> Let's follow one example: Nigeria is the most populous country in Africa. In Abstract Wikipedia, this might be stored as: Z27243(Q1033, Q138758272, Q6256, Q15, Z27243K5)
Haha that's like John Wilkins' "Real Character, and a Philosophical Language"
It's not that different from how LLM tokens work, only in a tree structure as opposed to a plain sequence. Having a tree structure makes it easier to formally define rewrite rules (which is key for interpretability), as opposed to learning them from data as LLM do.
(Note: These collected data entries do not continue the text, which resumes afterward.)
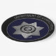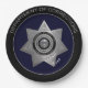 Korrektur Officer Abzeichen (Paper Party Teller) - ist ein grafisches Kunstdesign. Das Abzeichen ist in Silber (oder Gold) und Schwarz mit einer kleinen Touch Blau erstellt. Ein dekorativer 7 (7) Punkte silber/goldener Stern bildet das Abzeichen. Text, der die Spitze des Abzeichens kurbelt, lautet: ABTEILUNG DER KORREKTUREN. Text, der den unteren liest: KORREKTIONSBÜRO. Diese Wörter sitzen auf einem massiven blau-schwarzen Ring. Mehr Silber/Gold schmückt das Abzeichen durchweg. In der Mitte steht ein Adleremblem mit Silber-/Goldstern. Kleinerer Text in der Mitte lautet: Siegel des Staat. Das Abzeichen ist nicht für den Staat spezifisch. Unter dem Abzeichen befindet sich eine solide blaue Mitte. Ein schwarzer Außenrand mit silber/goldfarbenem Text, der um den oberen Rand schwebt und lautet: DEPARTMENT OF CORRECTIONS. Dieses Abzeichen-Design kommt in Silber oder Gold mit verschiedenen Hintergrundstilen. Das Design ist auch mit einem Foto in meinen anderen Zazzle-Läden erhältlich.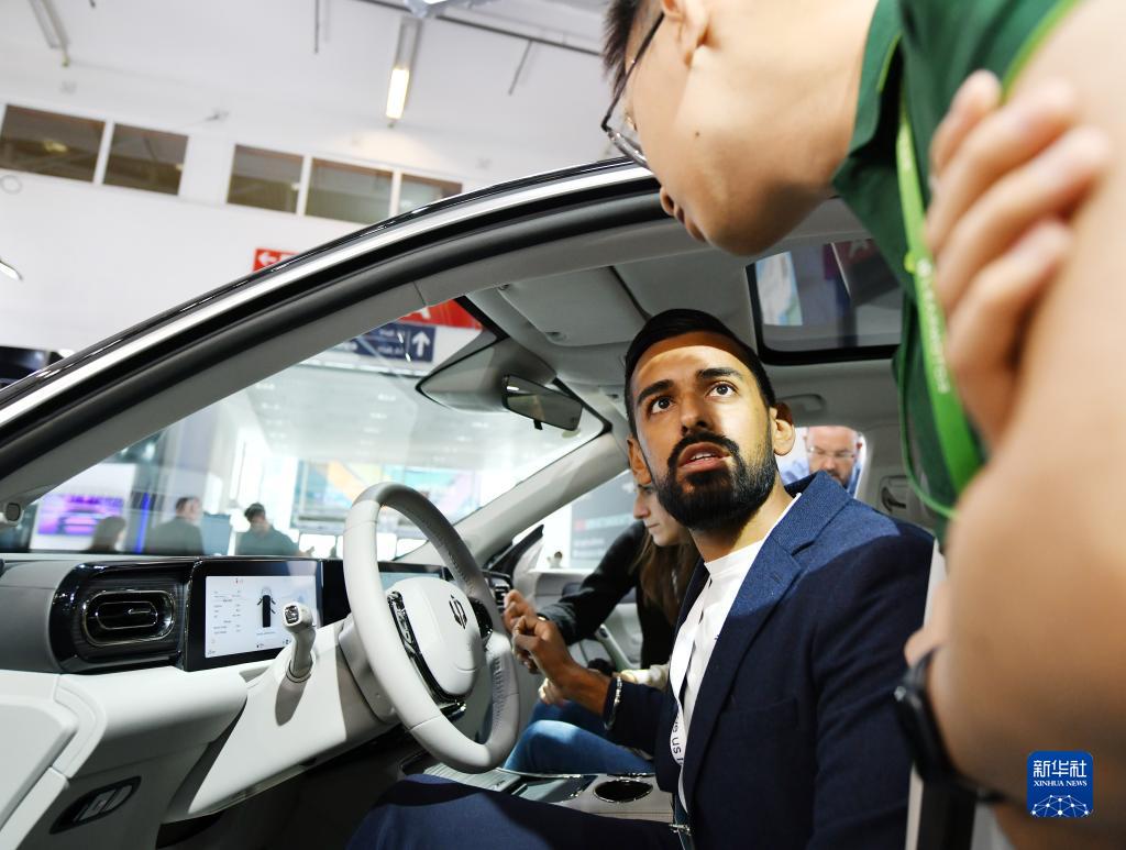 9月5日,在德国慕尼黑,参观者在德国国际汽车及智慧出行博览会的零跑汽车展区与工作人员交流。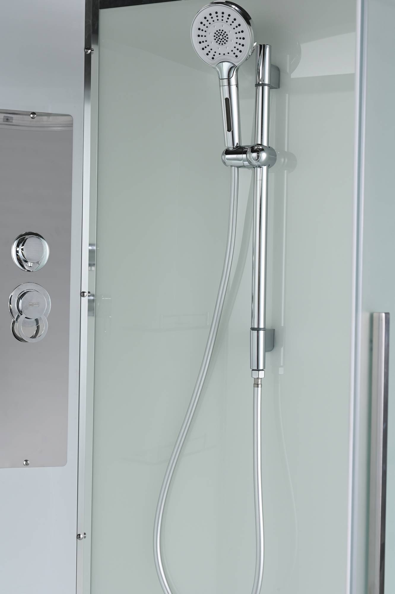 Стильная душевая кабина AvaCan сочетает в себе высокую функциональность, практичность и надежность. При изготовлении применяется безопасное закаленное стекло, надежно фиксируемое алюминиевым профилем. Профиль сделан из алюминия повышенной прочности. Сборка без силикона (увеличивает срок службы, защищает от протечек), внутренняя сборка (облегчает установку и ревизию; позволяет установить в ограниченном пространстве и обойтись без демонтажа других сантехнических приборов), смеситель резьбовой (без хомутов). Съемный экран поддона (позволяет осуществлять подключение и ревизию сифона).Двойные металлические ролики дверей (распределение нагрузки на два ролика, увеличивают срок службы). Душевая штанга(позволяет регулировать по высоте ручную лейку), ручная арома-лейка с витамином С (картридж в комплекте,есть возможность замены или удаления картриджа), полочки(из стекла, с ограничителем), сифон с гидрозатвором.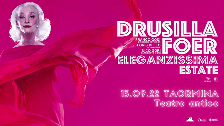 Eleganzissima Estate, lo spettacolo di Drusilla Foer arriverà sul prestigioso palco del Teatro antico di Taormina, il 13 settembre 2022 (ore 21.30).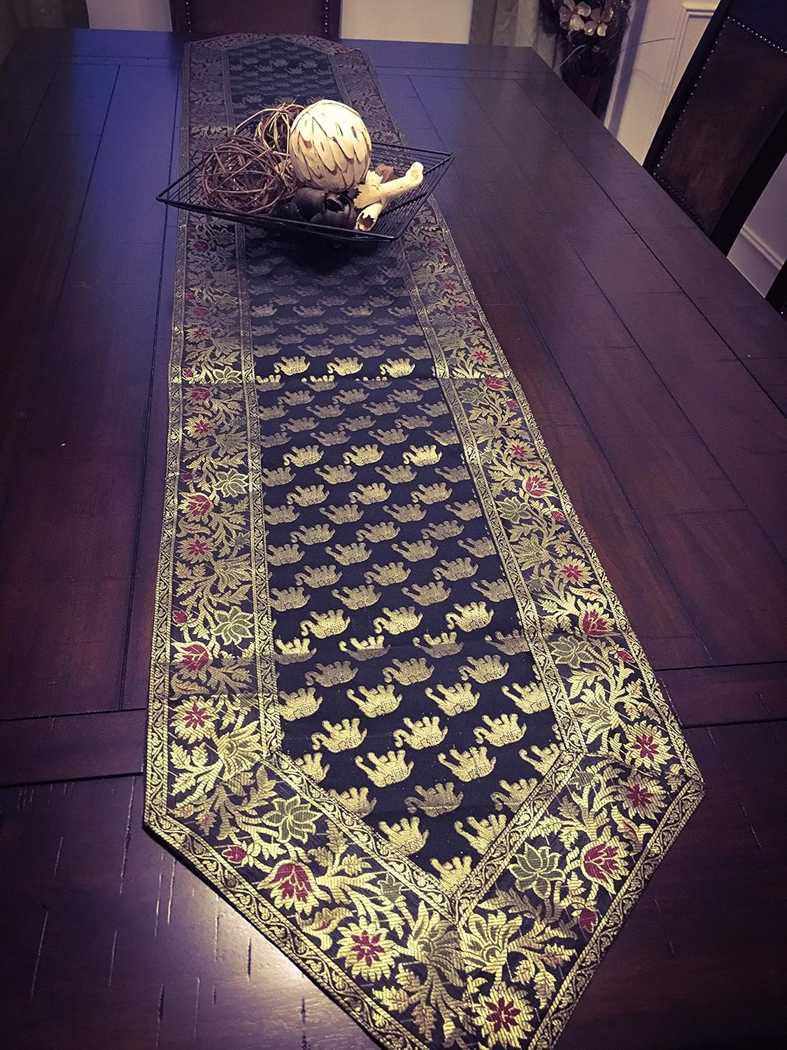 Beautiful Table Runner with Brocade border and elephant design in the center comes with the tinsel tassels. Size: 14 X 80 Inch, Size is approximate as each piece made separately. Material: Art silk, Cleaning Instruction: Spot clean. Colors look different in different light settings. Colors may vary slightly from photos due to different monitor settings.

Also tokens don't represent meaning in themselves, but are assigned points in a multidimensional space, they can only represent meaning in the network as a whole when combined with other tokens in context and order.
And the abstract concepts of Abstract Wikipedia are human-defined, top-down ways of carving the world into distinct categories which make some kind of logical sense, whereas LLM's work bottom-up and create overlapping, non-hierarchical, probabilistic networks of connections with nearly no imposed structure except the principle that you shall know a token by the company it keeps.
But you can type them both out with keys on a keyboard so in that sense I guess they're not that different.
For context, this was proposed way back in 2013 (https://meta.wikimedia.org/wiki/Abstract_Wikipedia), when machine translation is just plain bad (and LLMs are only known in academic circles). Surprised that AWiki is now active though.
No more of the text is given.